WHAT TO PRODUCE: For the listing below, the answer is an exact retyping of the lines from the one with "大好きなHOLIKA HOLIKA🍭 ラッシュコレクティングケアベスト組み合わせ企画セットだよ🥰" through the one with "② 진행 : 코에 오일", both included, without pictures.

RECORDS FOR PROCESSING:
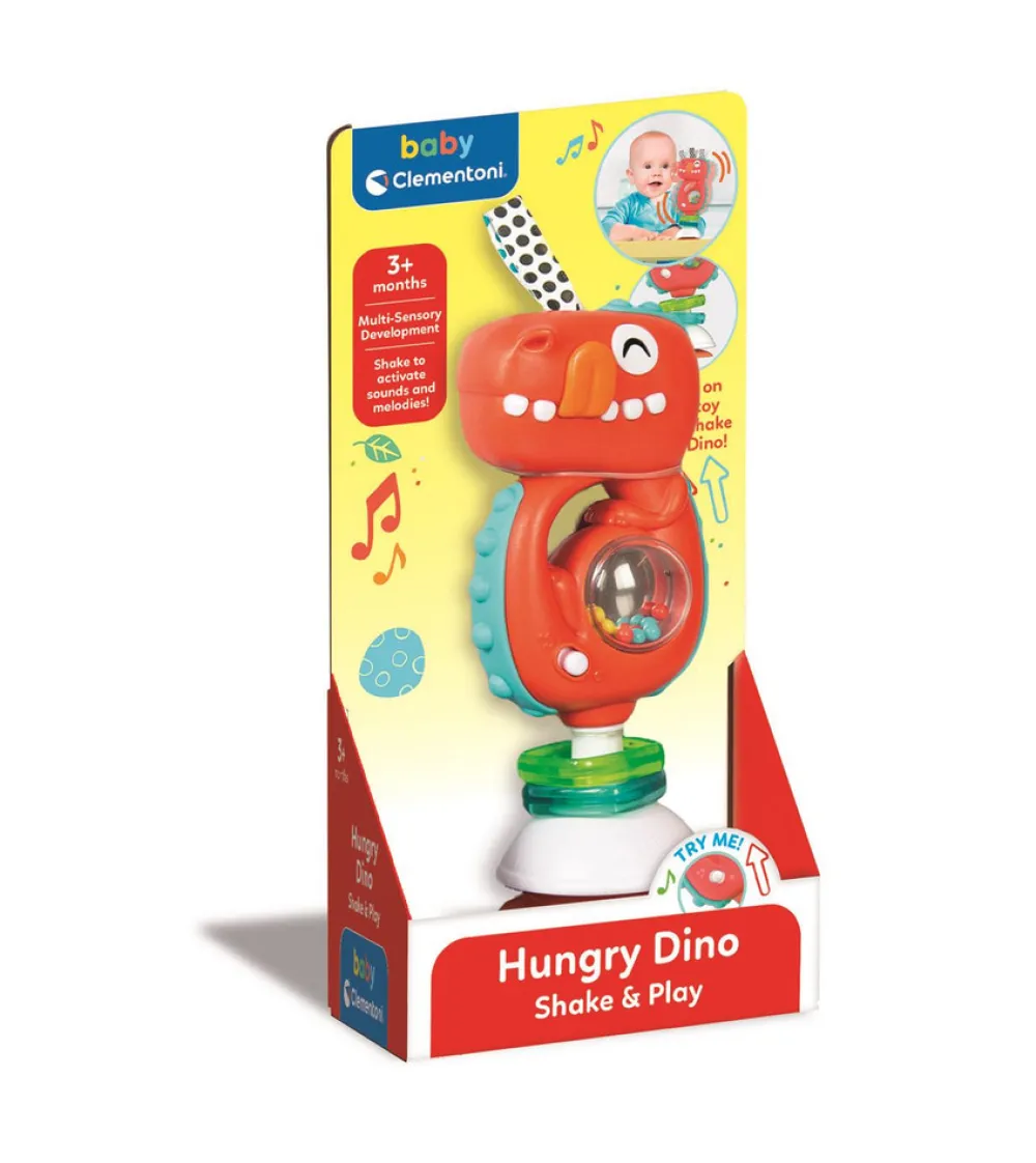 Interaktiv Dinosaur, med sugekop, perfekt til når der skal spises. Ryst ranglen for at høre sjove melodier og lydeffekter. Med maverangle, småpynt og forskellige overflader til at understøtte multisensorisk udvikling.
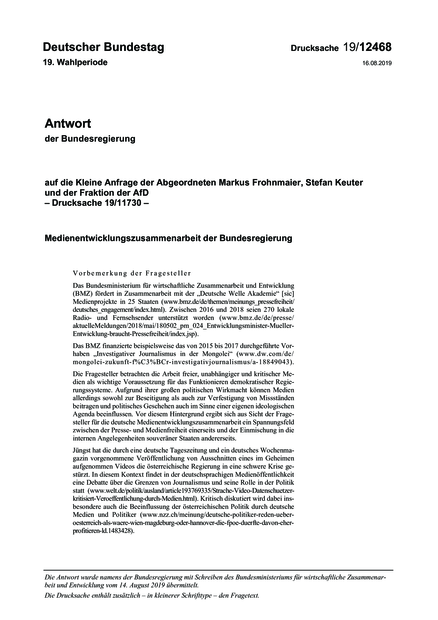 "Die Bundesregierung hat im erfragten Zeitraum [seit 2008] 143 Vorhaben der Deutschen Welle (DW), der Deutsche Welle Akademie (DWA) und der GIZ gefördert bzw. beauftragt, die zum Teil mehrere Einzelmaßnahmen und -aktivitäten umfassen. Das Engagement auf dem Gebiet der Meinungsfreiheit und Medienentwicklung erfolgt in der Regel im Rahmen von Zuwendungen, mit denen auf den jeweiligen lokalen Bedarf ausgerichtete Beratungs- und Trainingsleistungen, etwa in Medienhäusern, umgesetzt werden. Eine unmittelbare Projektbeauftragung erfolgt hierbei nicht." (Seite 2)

---

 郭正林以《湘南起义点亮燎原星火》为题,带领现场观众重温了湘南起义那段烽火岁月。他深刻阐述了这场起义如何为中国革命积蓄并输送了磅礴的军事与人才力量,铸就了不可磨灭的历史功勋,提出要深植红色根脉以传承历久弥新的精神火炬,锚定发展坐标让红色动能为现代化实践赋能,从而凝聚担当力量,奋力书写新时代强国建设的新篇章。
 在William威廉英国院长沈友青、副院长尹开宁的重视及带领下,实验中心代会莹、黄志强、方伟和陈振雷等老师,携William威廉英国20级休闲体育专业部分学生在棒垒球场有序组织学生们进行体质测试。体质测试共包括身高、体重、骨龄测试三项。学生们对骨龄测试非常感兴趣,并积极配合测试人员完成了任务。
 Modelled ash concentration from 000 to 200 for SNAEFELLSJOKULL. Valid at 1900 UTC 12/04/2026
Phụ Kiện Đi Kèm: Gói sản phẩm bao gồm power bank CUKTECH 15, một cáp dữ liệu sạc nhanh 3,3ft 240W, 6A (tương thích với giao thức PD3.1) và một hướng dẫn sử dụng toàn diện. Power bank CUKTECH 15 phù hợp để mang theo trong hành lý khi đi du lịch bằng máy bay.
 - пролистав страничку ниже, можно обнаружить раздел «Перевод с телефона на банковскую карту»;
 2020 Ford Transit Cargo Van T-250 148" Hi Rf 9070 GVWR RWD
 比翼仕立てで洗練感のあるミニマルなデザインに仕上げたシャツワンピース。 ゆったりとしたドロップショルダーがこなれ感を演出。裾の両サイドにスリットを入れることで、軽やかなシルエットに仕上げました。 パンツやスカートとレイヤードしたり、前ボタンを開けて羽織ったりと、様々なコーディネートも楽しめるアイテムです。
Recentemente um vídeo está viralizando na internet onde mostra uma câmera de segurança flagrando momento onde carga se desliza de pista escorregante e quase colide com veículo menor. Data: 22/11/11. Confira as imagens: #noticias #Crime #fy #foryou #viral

--

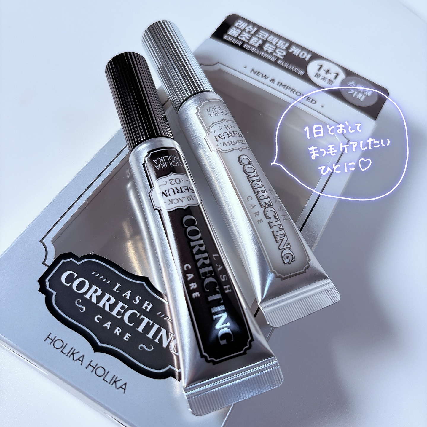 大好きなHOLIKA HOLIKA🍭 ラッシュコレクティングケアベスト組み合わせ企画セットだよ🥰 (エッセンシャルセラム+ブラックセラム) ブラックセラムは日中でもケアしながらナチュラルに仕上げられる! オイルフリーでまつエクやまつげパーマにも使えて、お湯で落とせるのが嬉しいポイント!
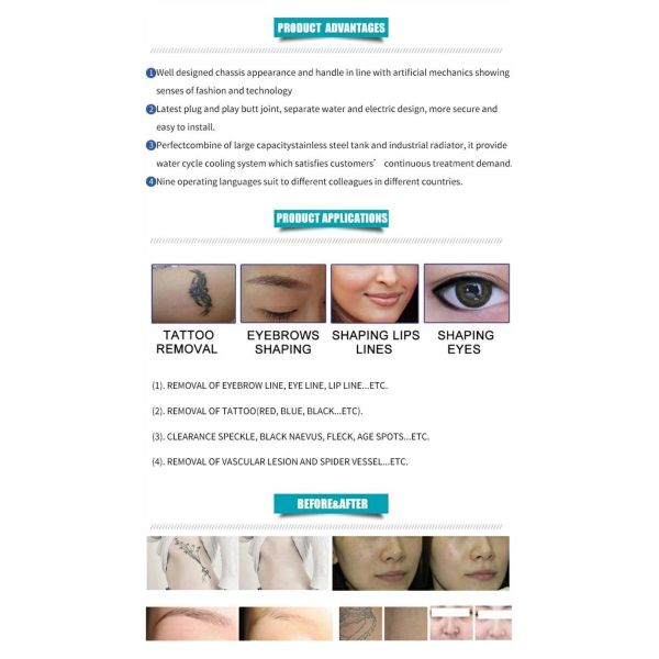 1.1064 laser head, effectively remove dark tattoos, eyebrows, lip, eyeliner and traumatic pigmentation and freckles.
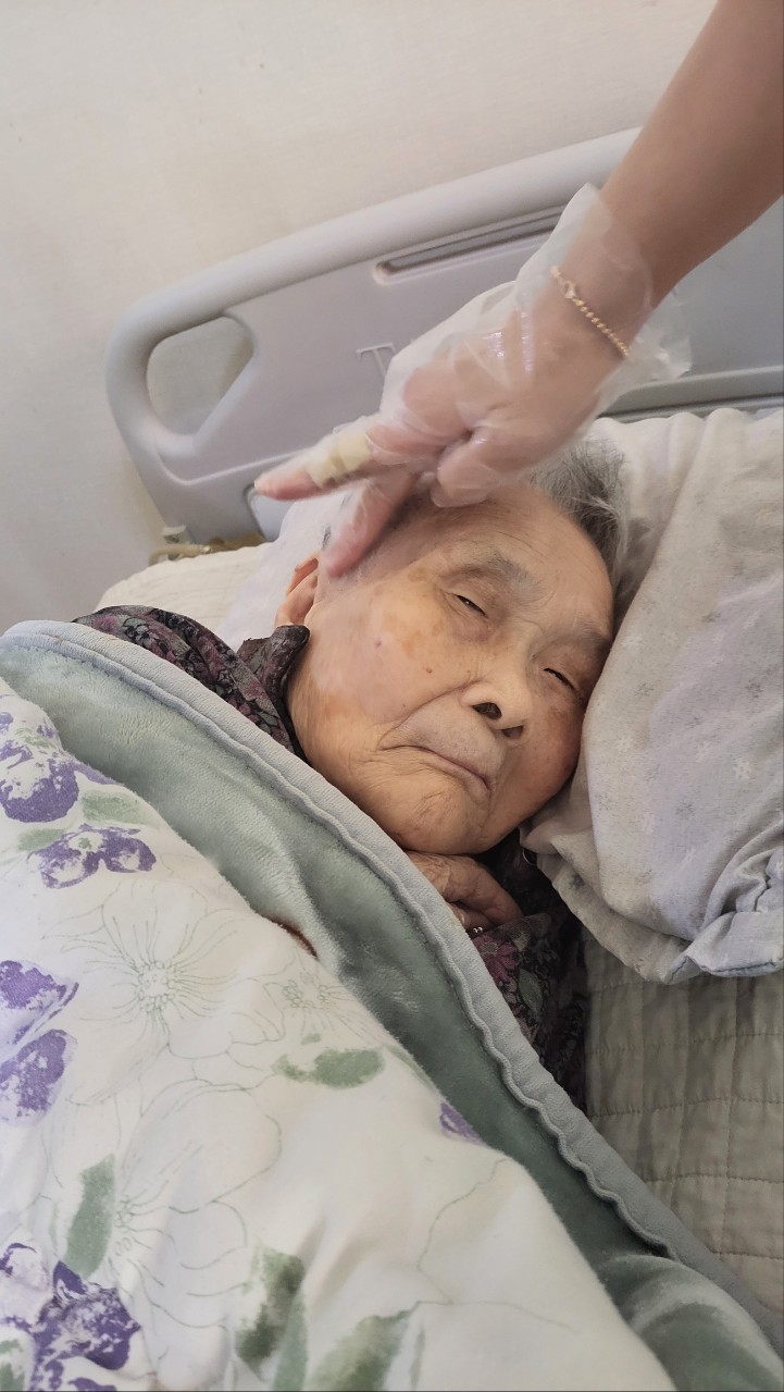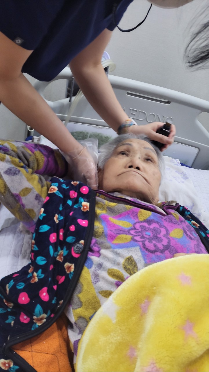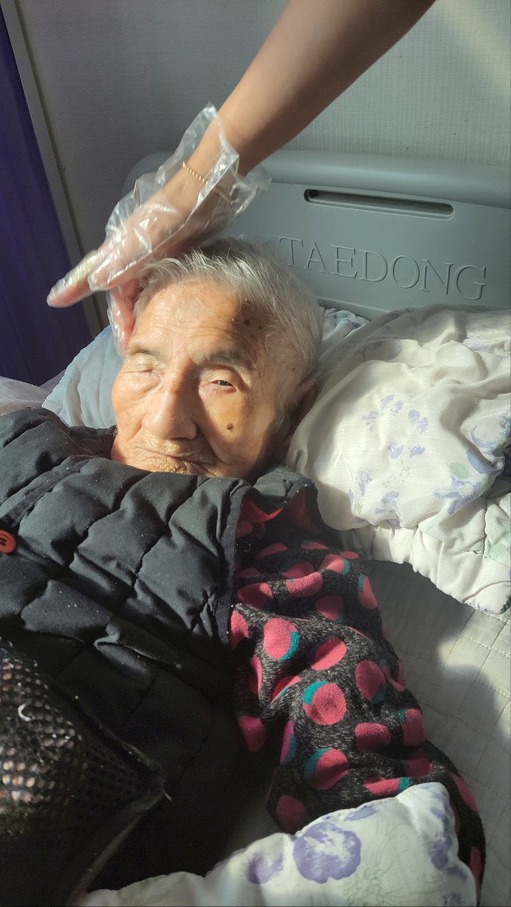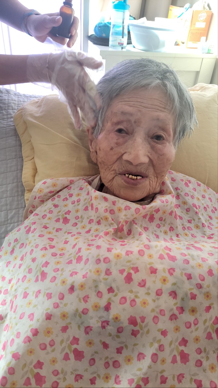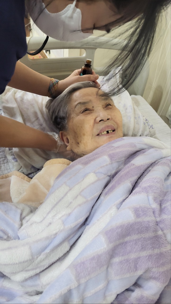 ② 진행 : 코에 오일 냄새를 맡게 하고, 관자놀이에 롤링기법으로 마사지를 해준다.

ANSWER BELOW:
 大好きなHOLIKA HOLIKA🍭 ラッシュコレクティングケアベスト組み合わせ企画セットだよ🥰 (エッセンシャルセラム+ブラックセラム) ブラックセラムは日中でもケアしながらナチュラルに仕上げられる! オイルフリーでまつエクやまつげパーマにも使えて、お湯で落とせるのが嬉しいポイント!
 1.1064 laser head, effectively remove dark tattoos, eyebrows, lip, eyeliner and traumatic pigmentation and freckles.
 ② 진행 : 코에 오일 냄새를 맡게 하고, 관자놀이에 롤링기법으로 마사지를 해준다.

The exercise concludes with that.